→ EXERCISE INSTRUCTIONS
Beginning at the top of the entries below, retype each line exactly until the line containing "One of Karyete’s" has been written out; include no pictures and no later lines.

Data entries
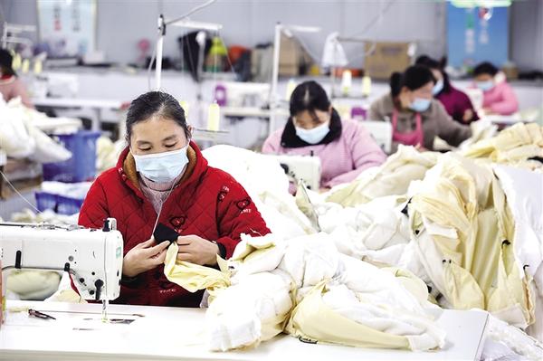 近年來,淮陽區(qū)四通鎮(zhèn)中營子村以黨建為核心引擎,筑牢基層戰(zhàn)斗堡壘,牽頭建起現(xiàn)代農(nóng)業(yè)服務合作社、種植合作社等,走出“黨組織搭臺、企業(yè)唱戲、群眾受益”的強村路徑。圖為村民在村辦服裝廠工作。
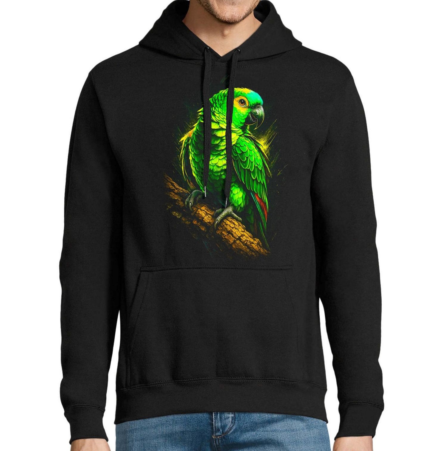 Pánská mikina Amazoňan zelený. Exotický papoušek v podobě majestátního amazoňana, jednoho z nejznámějších tropických papoušků světa. Tento pták je typický svým sytě zeleným peřím, silným zahnutým zobákem a inteligentním pohledem. Amazoňan je symbolem energie, svobody a živé přírody tropických pralesů Jižní a Střední Ameriky.
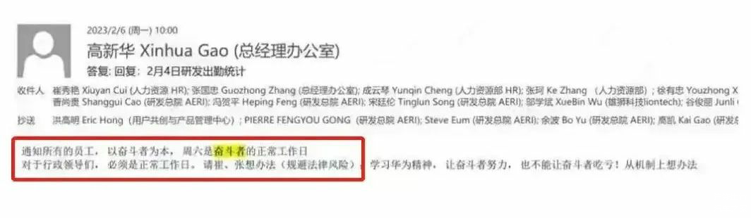从网络上流传的这封邮件来看,发送时间是上月6日,发件人署名为奇瑞总经理办公室高新华,而邮件的主要内容则是“通知所有的员工,以奋斗者为本,周六是奋斗者的正常工作日。”
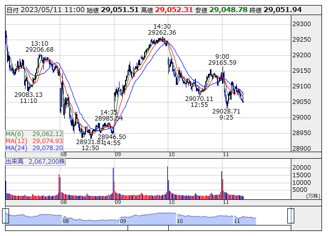 【市況】11時の日経平均は71円安の2万9050円、SBGが12.81円押し下げ
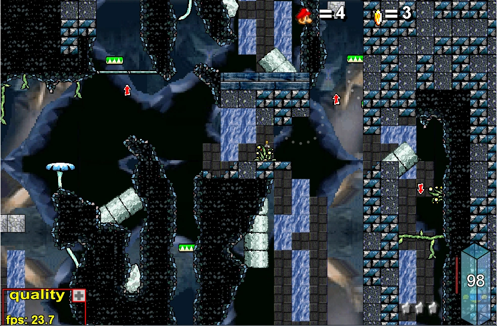 One of Karyete’s beginning levels where he avoided making the level long, and the ground structure being cramped at places, and very open at others, but it’s still a fairly decent level. It supports a good amount of action and isn’t too easy. Of course it could be longer, but it’s not disappointing either.
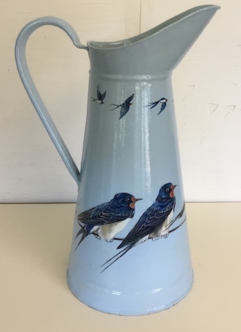 A vintage jug with Swallows design, size typically 14" from base to spout. Each jug is individually sourced and the birds are hand painted, with wrap round design. Ideal for flower displays or simply to be enjoyed as an unusual work of art in its own right.
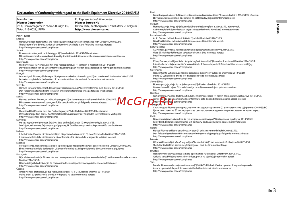Pioneer STH-80BT [3/104] Declaration of conformity with regard to the radio equipment directive 2014 53 eu
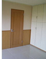 *リビング奥の部屋も間仕切りをし、壁面の広い収納も白でスッキリ。
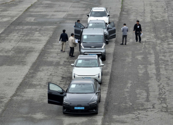 이투데이가 주최하는 ‘2025 대한민국 스마트 EV 대상’ 실차 시승평가가 열린 18일 경기 화성시 한국교통안전공단 자동차안전연구원에서 심사위원단이 평가를 하고 있다.
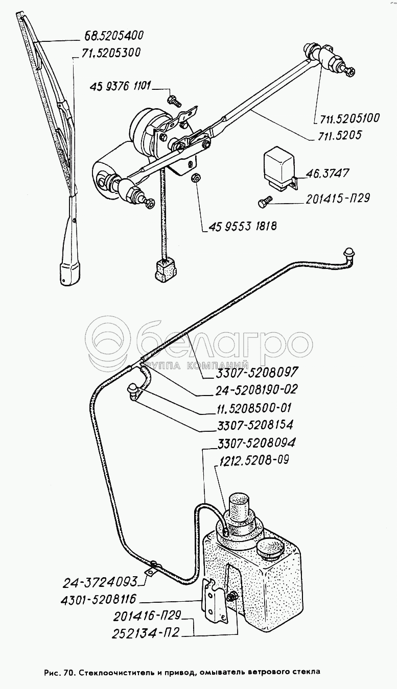 Каталог запасных частей к технике: ГАЗ-3309. Стеклоочиститель и привод, омыватель ветрового стекла
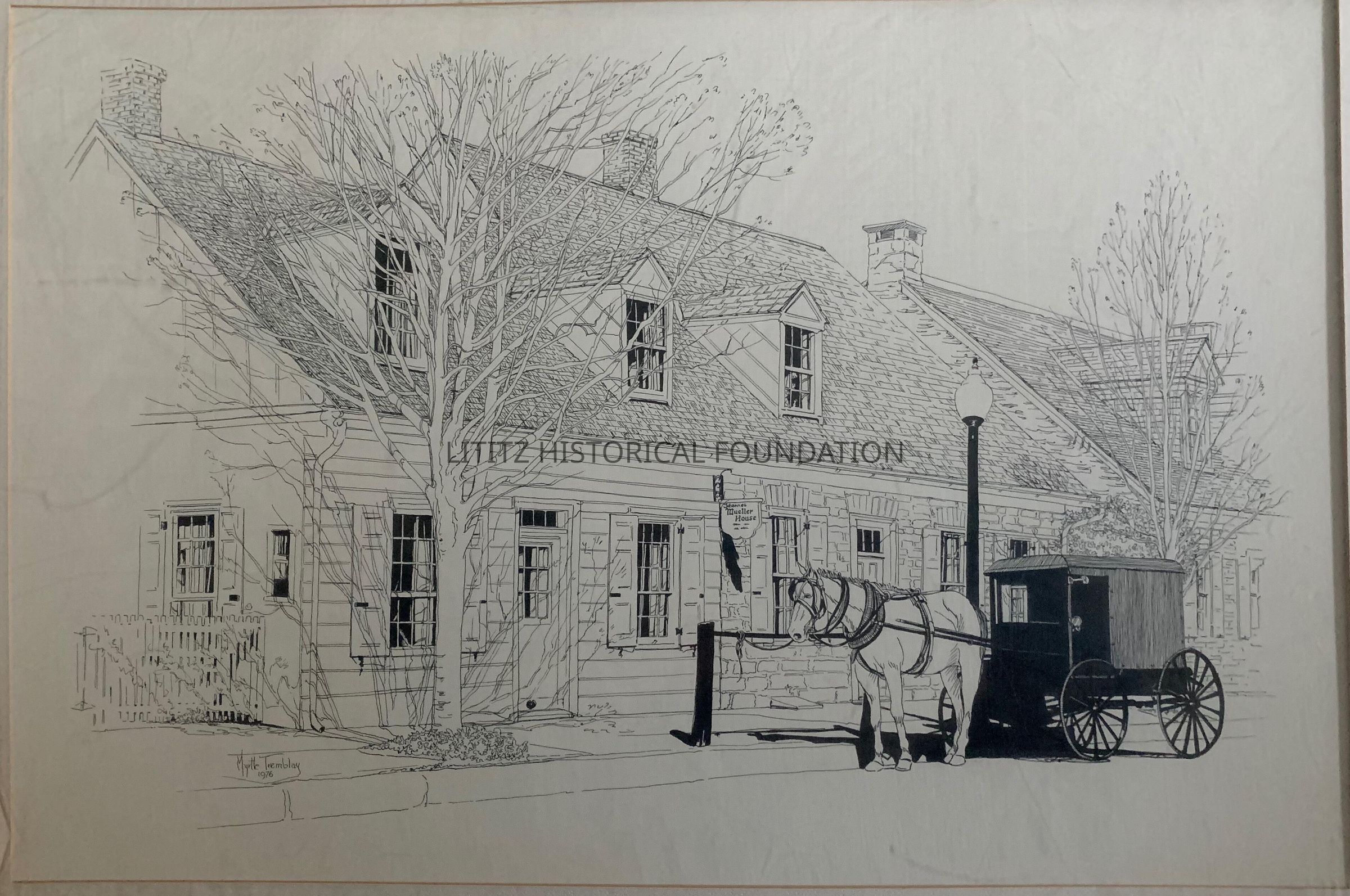 Sketch by Myrtle Tremblay of a Horse and buggy tied in front of the Mueller HouseArtwork Details
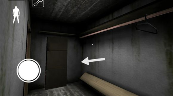下楼梯后左边的地板上有一根黑线,从上面走过铃铛会响,需要注意。楼梯旁的柜子里可以躲,柜子对面有一个门,里面可能刷东西。柜子旁边有一个门通向地下室(由于画面较暗

→ EXPECTED ANSWER
 近年來,淮陽區(qū)四通鎮(zhèn)中營子村以黨建為核心引擎,筑牢基層戰(zhàn)斗堡壘,牽頭建起現(xiàn)代農(nóng)業(yè)服務合作社、種植合作社等,走出“黨組織搭臺、企業(yè)唱戲、群眾受益”的強村路徑。圖為村民在村辦服裝廠工作。
 Pánská mikina Amazoňan zelený. Exotický papoušek v podobě majestátního amazoňana, jednoho z nejznámějších tropických papoušků světa. Tento pták je typický svým sytě zeleným peřím, silným zahnutým zobákem a inteligentním pohledem. Amazoňan je symbolem energie, svobody a živé přírody tropických pralesů Jižní a Střední Ameriky.
从网络上流传的这封邮件来看,发送时间是上月6日,发件人署名为奇瑞总经理办公室高新华,而邮件的主要内容则是“通知所有的员工,以奋斗者为本,周六是奋斗者的正常工作日。”
 【市況】11時の日経平均は71円安の2万9050円、SBGが12.81円押し下げ
 One of Karyete’s beginning levels where he avoided making the level long, and the ground structure being cramped at places, and very open at others, but it’s still a fairly decent level. It supports a good amount of action and isn’t too easy. Of course it could be longer, but it’s not disappointing either.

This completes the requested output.